John Wick: loving husband, friend, formal equal, former retiree, and The Baba Yaga, is always identified as such. For how often the audience identifies him as a certifiable badass, it is his relationship with the supporting cast that makes him more than an avatar of contemporary violence. It embroiders John with emotional connection, palpable relationships, and stark motivation to survive as he had before the first entry.
These brief emotional crutches that carries John through the violent interludes of lock, stock, and smoking barrels is the type of support that has uplifted the Wick saga through the mounds of mediocrity around it. Just when it seemed like American action films were hitting a plateau of familiarity, Wick totally revitalized the culture, and we haven’t looked back. Sure, we’ve had to endure frames full of misused neon and silent protagonists with a muted personality since, but it reignited what action films were capable of when they’re made by people who care. Especially for a budget as low, and free from the restraints of recognizable IP.

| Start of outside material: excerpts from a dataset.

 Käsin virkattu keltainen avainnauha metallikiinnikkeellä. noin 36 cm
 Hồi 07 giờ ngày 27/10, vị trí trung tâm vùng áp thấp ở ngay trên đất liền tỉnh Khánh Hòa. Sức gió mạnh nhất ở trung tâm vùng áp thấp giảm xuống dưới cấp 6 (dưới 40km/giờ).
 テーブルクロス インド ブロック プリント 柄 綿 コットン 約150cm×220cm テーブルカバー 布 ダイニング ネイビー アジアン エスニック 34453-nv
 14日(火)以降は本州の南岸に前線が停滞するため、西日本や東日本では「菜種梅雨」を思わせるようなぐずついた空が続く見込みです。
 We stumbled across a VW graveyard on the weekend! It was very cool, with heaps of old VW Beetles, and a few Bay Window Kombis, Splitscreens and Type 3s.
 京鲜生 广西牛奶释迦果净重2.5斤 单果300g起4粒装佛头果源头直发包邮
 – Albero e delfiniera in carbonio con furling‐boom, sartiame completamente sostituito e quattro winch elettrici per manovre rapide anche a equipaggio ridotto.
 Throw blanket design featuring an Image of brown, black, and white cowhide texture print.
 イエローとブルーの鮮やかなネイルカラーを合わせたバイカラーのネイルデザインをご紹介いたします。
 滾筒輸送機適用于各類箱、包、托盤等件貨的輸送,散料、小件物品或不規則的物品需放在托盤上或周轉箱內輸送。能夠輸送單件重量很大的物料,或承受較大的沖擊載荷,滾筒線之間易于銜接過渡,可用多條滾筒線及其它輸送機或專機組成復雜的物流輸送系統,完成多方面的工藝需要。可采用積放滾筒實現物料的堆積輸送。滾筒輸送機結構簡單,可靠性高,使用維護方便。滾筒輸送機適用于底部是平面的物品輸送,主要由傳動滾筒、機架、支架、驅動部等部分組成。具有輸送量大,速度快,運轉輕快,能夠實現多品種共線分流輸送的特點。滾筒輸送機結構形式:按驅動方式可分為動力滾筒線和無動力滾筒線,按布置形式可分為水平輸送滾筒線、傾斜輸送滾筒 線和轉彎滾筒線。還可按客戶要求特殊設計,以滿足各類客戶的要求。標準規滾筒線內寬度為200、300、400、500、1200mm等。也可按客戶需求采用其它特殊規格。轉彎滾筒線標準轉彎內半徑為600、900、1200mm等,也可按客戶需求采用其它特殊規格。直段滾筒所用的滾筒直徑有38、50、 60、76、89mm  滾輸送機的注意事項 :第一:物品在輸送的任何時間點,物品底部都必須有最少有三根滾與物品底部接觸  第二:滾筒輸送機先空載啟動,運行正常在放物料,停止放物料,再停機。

This is how most of the all-time greats became the respective cornerstones of the genre. They revel in simple strokes and gestures to invite the viewer into its realm, and then they’d unleash the most unbelievable and technically coordinated sequences of physical exertion we could hardly comprehend. This is John Wick 4 from beginning to end. It stays true to its identity as a respective franchise while it simultaneously utilizes the steppingstones of before to become the building blocks of the gateway into the next generation of action filmmaking. It bursts with flashes of drama to keep the core of John’s journey intact, and then it lets the camera loose to profile the endless levels of craftsmanship on display.
The camera cranes through the blueprints of mayhem, swivels through roundabouts at rush hour, crashes into walls, glass, and cars, and manipulates light at every hour that can emit a celebratory glow around the actors, stuntmen and women that are putting their bodies on the line. From every death-defying fall to the floors lined with bullet casings, Stahelski presents John Wick 4 as a thrilling amalgamation of what was, as a finale that caps what is, in an effort that’ll be remembered as one that redefined what it will be. Through every moment of this multi-houred experience there is a mode of inspiration that is projected onto the texture of the film and refracted back onto us.
John Wick 4 unlocks the catharsis that all great films and heroes are searching for beneath the early morning rays of sunlight that sparks the dawn of a new age in action cinema. The golden hours of this film services John Wick, while it also bows to Buster Keaton, Sergio Leone, Donnie Yen, The Raid, Mission: Impossible, The Matrix, John Woo, Jesse V. Johnson, Keanu Reeves, and the countless, unheralded efforts of the stuntmen and women that made us believe a human could survive a fall, get back up from a bone-crushing haymaker, or showcase what the human body has always been capable of being. A physical vessel that electrifies the audience with a new way of understanding how much you have to give yourself to the art of creation.
Stahelski shines a light on it, and this time it is too bright to ignore. Bravo.